A process science é um movimento internacional. Eu participei da BPM Conference 2020 que foi online e já estava se falando bastante sobre esse assunto, mas na verdade este termo foi cunhado em 2015. Existe um site internacional onde você pode conferir uma apresentação explicando vários detalhes sobre esse assunto e, caso se interesse, pode se cadastrar para ser notificado e participar das discussões. Hoje vamos explicar o porquê da criação deste termo, o que é e como se faz process science

Por que process science?

A área de processos é muito segmentada em diferentes disciplinas científicas: Administração, Engenharia de Produção, Ciência da Computação, Sistemas de Informação, Jurídico, Ciências Sociais. Então, existe uma pulverização entre as diferentes ciências quando se trata de processos. 

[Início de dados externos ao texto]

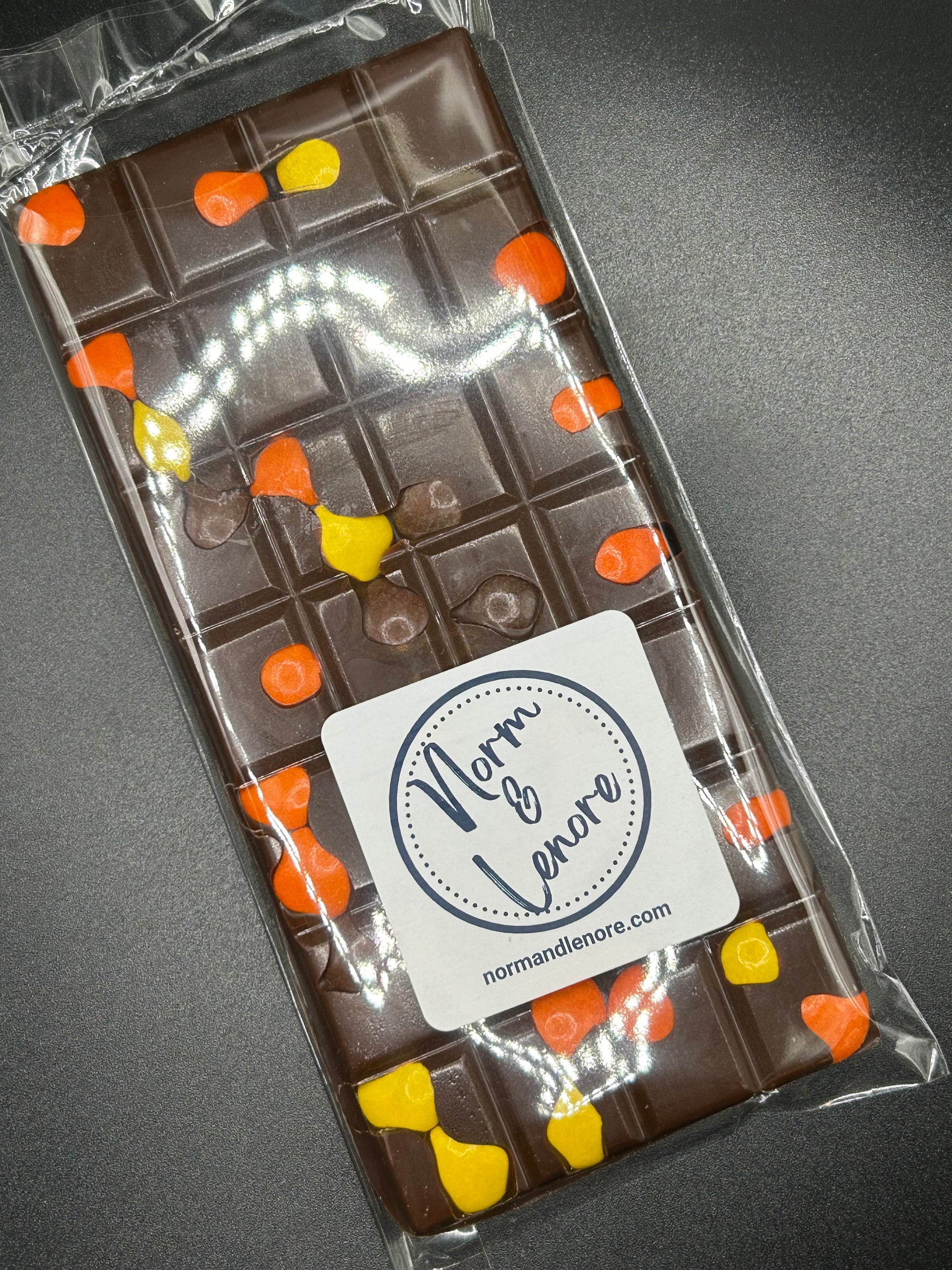 Indulge in our Dark Chocolate Reece Pieces Specialty Bar - perfect for those who can't get enough of that rich chocolate! With crunchy and creamy Reece's Pieces, this bar is what chocolate dreams are made of.
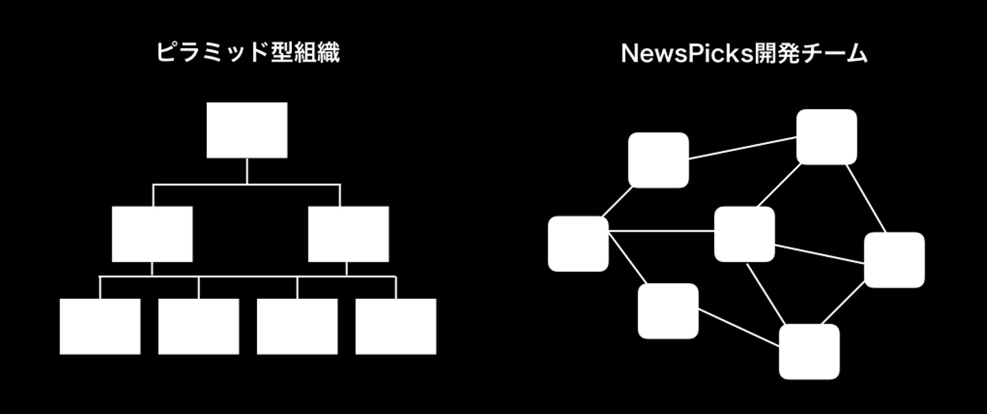 例えば、NewsPicksはプロジェクトごとにタスクフォースで小さいサイズ(5-10人)の開発チームを作っています。これは7つのルールのうち「自由主義」に基づいた考え方です。
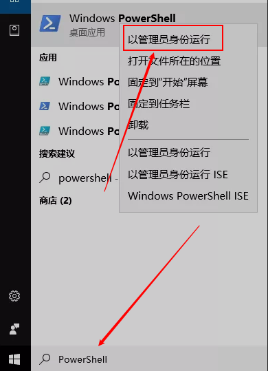 首先我们在任务栏中搜索PowerShell,然后以管理员身份运行搜索出来的“windows PowerShell”。
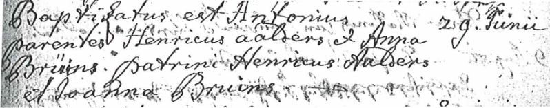 Geboortedocument van Antonius op 29-06-1776 te Ulft. Zoon van Henricus Aalders en Anna Bruins.
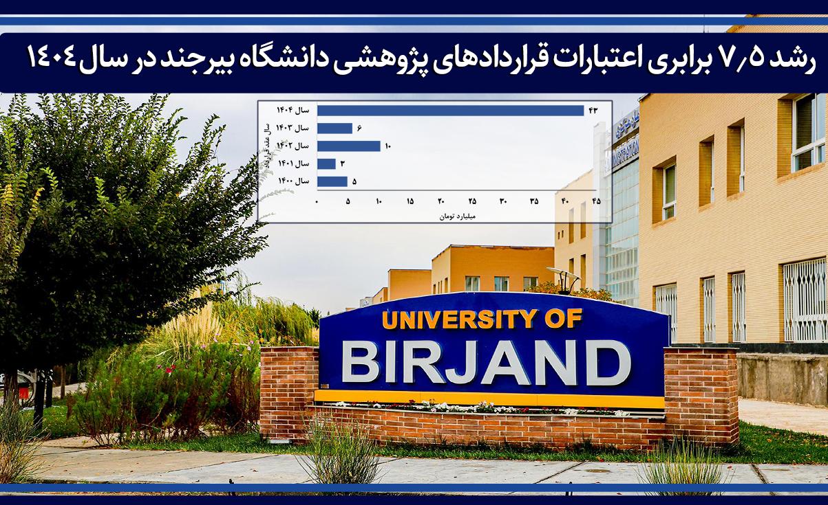 آمار طرح‌های پژوهشی برون‌دانشگاهی دانشگاه بیرجند نشان می‌دهد اعتبارات قراردادهای پژوهشی این دانشگاه در سال ۱۴۰۴ با جهشی چشمگیر به بیش از ۴۳ میلیارد تومان رسیده است؛ رشدی که در مقایسه با سال گذشته حدود ۷.۵ برابر افزایش را نشان می‌دهد.
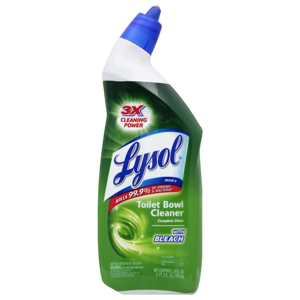 Lysol Toilet Bowl Cleaner with Bleach brightens, cleans, and disinfects. The thick formula clings to the bowl, brighteining your toilet as it cleans and disinfects. The angeled bottle targets hard-to-reach areas, icnluding under the rim, leaving the entire bowl sparkling clean, deodorized, and disinfected. Kills 99.9% of viruses and bacterial. 24 oz. 12 bottles per case. Specifications Safety: No Choke Hazard Allergens: Contains No Allergens Capacity: 12-24 oz
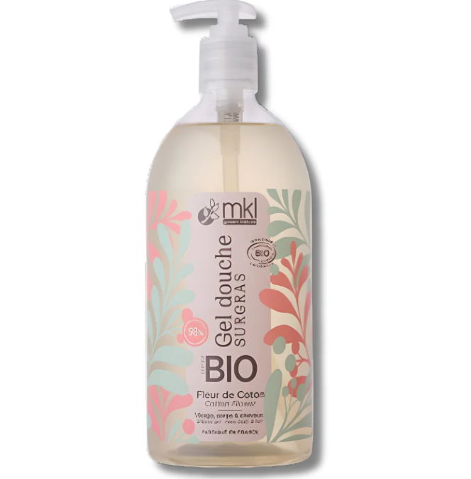 MKL Green Nature Gel Douche Surgras Fleur de Coton Bio 1 L est un gel douche surgras formulé à base d’huile d’Argan bio et d’extraits végétaux biologiques de coton et d’Aloe vera. Sa base lavante d’origine naturelle, sans savon et dérivée de la coco, nettoie la peau en douceur.
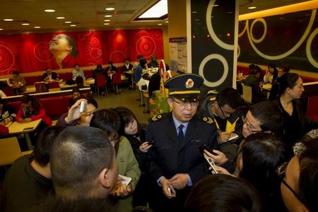 卫生监督所的检查人员,在麦当劳店内回答记者问题。

A gestão de processos é um conceito muito amplo e extremamente multidisciplinar. Envolve diferentes técnicas, instrumentos, ferramentas e perfis de profissionais. Então, a gente acaba realmente precisando ter os diferentes olhares para um processo e não ficar fragmentando e tentando entender o que cada área deve fazer em um processo. Já vimos que este tipo de estratégia não funciona muito bem.

Processos crescem além dos silos das disciplinas. Não se encaixam mais no controle de um dos silos. Já se tornaram um fenômeno por si próprios.

Os defensores da process science argumentam que o processo em si é o foco, ou seja, ele é o alvo. A ciência de processos vem para trazer realmente um foco no processo e entender que ele é maior do que qualquer disciplina e está constantemente evoluindo. Por isso, não pode ficar restrito ao escopo de uma área ou outra. As áreas podem aprender umas com as outras ao invés de fomentar uma segregação.

Percebemos que a área de BPM está sempre crescendo e trazendo novidades, então realmente esta fragmentação não favorece a exploração da multidisciplinaridade.

A criação da process science também busca chamar a atenção para a área, fomentando ainda mais o tema e levando um pouco mais de profissionalismo para essa área, além de incentivar as pesquisas e docência em BPM.

O que é process science?

Existem duas definições: a primeira definição foi criada em 2015, quando o termo foi cunhado pela primeira vez: 

“Uma disciplina mais ampla que combina conhecimento de tecnologia da informação e conhecimento das ciências de gestão para melhorar e executar os processos.” (VAN DER AALST e DAMIANI, 2015)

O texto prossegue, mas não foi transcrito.